陆衍的手按在门上:“这是我女朋友的家。”
顾白看了他一眼。那个眼神里有点东西,不是挑衅,更接近于某种……评估。
“你女朋友三天没人管,发烧三十八度多,被人找到家里来骚扰。”顾白说,“你现在来了。挺好。但她刚退烧睡着,你把她吵醒对她没好处。”
陆衍的手还按在门上。
“你到底是谁?”
“邻居。林夕的朋友。”
陆衍知道林夕。苏念的闺蜜,出国了。
他站在走廊里,脑子里有一团东西在转。他知道自己现在不应该多想。沈佳改了号码,他联系不上苏念,苏念生病被网暴,这个男人是来帮忙的。
道理都懂。
但“今晚是”这三个字——
他退后一步。
“我明天一早来。
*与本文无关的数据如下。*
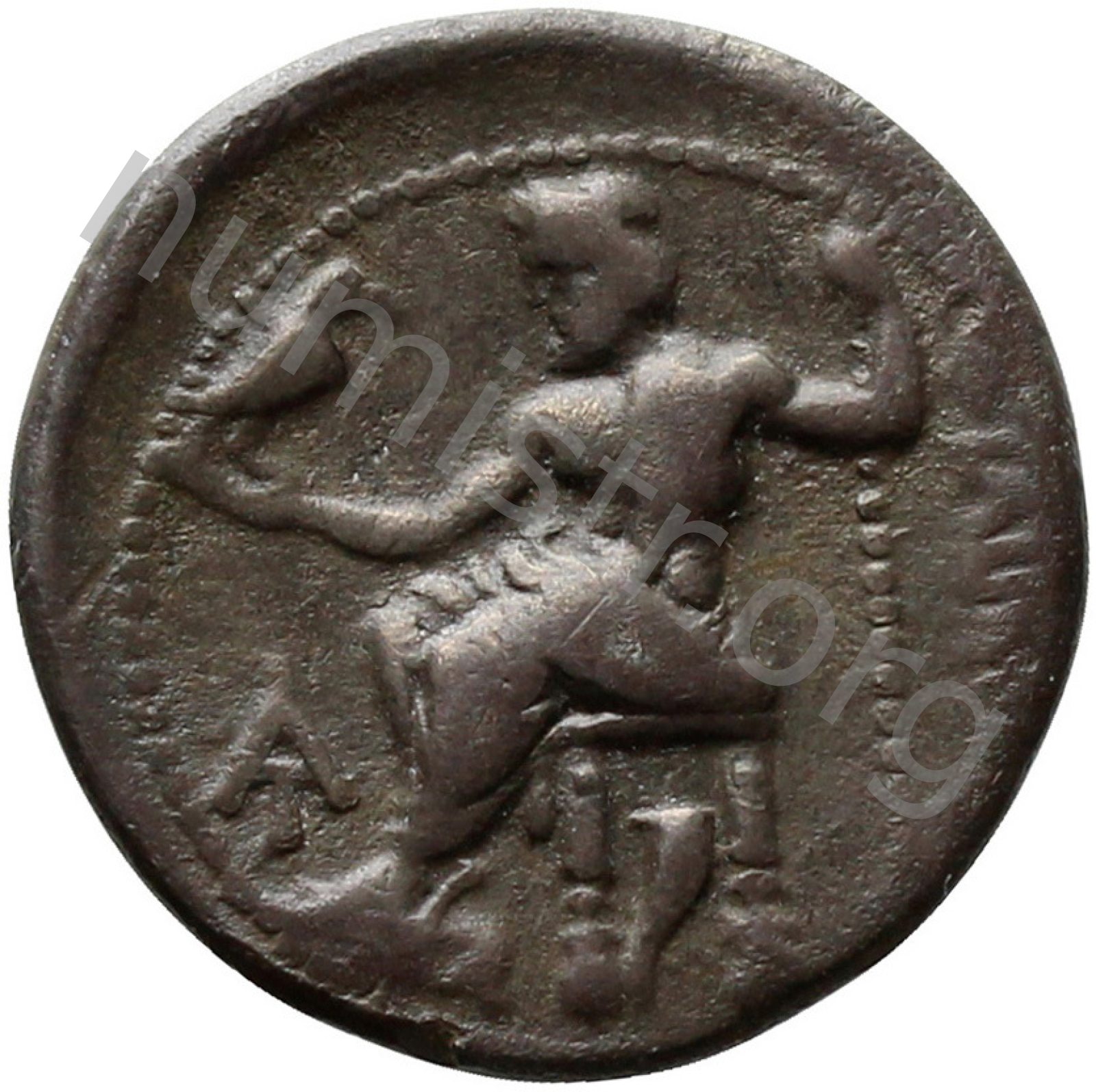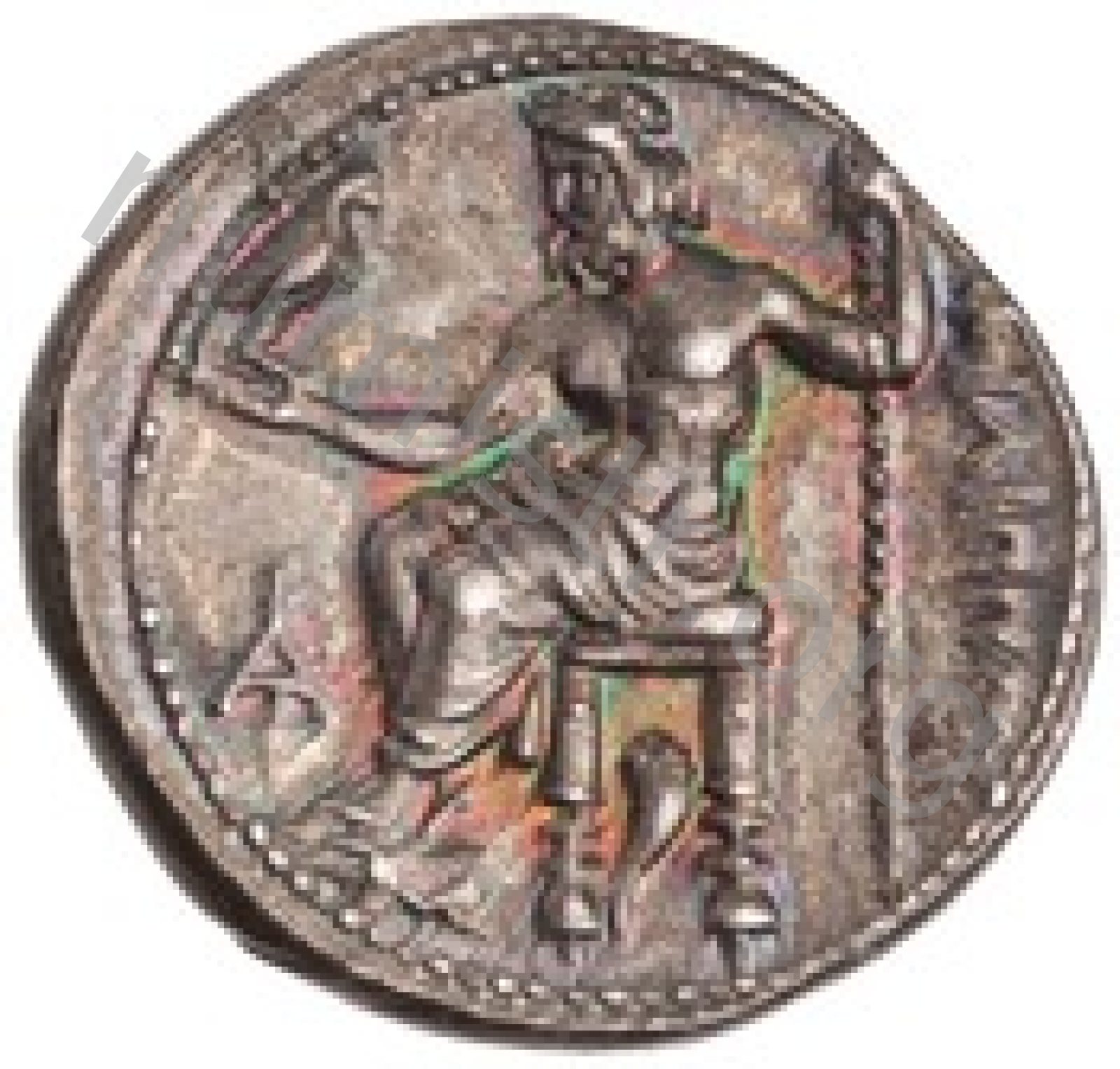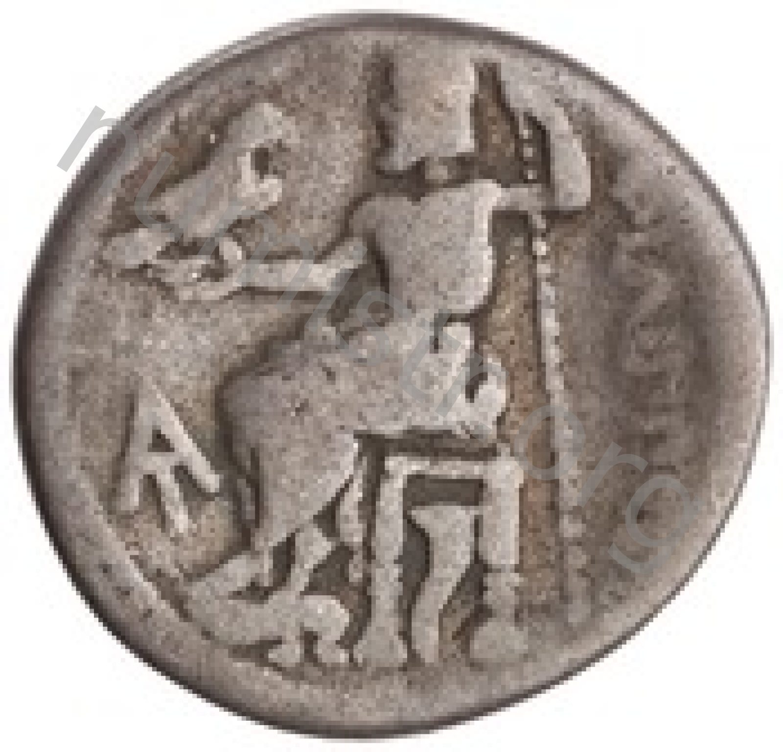 Zeus tabure-tahtta oturuyor sol elinde kartal sağ elinde asa var.
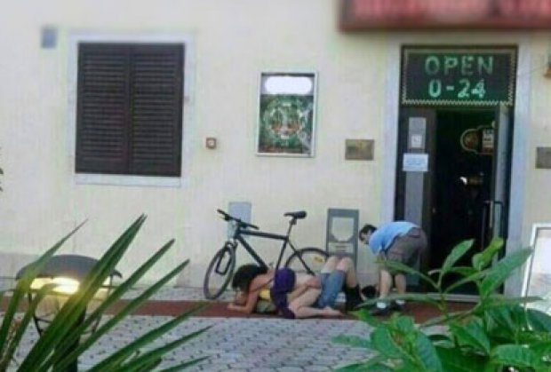 Двојка во неделата наутро уживаше во секс-игра пред ноќен клуб во центарот на градот, а потоа и трето лице им се придружува во забавата.

麻烦你跟她说一声。”
顾白点了下头,关了门。
陆衍站在走廊里,声控灯又灭了。黑暗中他站了差不多两分钟,才转身走了。
电梯里,他靠着墙,把手机攥在手里。
屏幕上还是苏念那三个字。
“我很好。”
陆衍闭了眼。
他知道自己这三天缺席了。不管是因为陆禾还是因为沈佳,结果就是苏念最需要他的时候,他不在。
而一个陌生男人,在。
第二天早上八点,苏念醒了。
烧退了一些,脑袋还是昏沉的。她从卧室出来,看到客厅沙发上叠得整齐的毯子,茶几上的碗已经洗好放回了厨房。
顾白不在了。
桌上留了张纸条:“粥在锅里热着。退烧贴还有两片在柜子上。有事打我电话。”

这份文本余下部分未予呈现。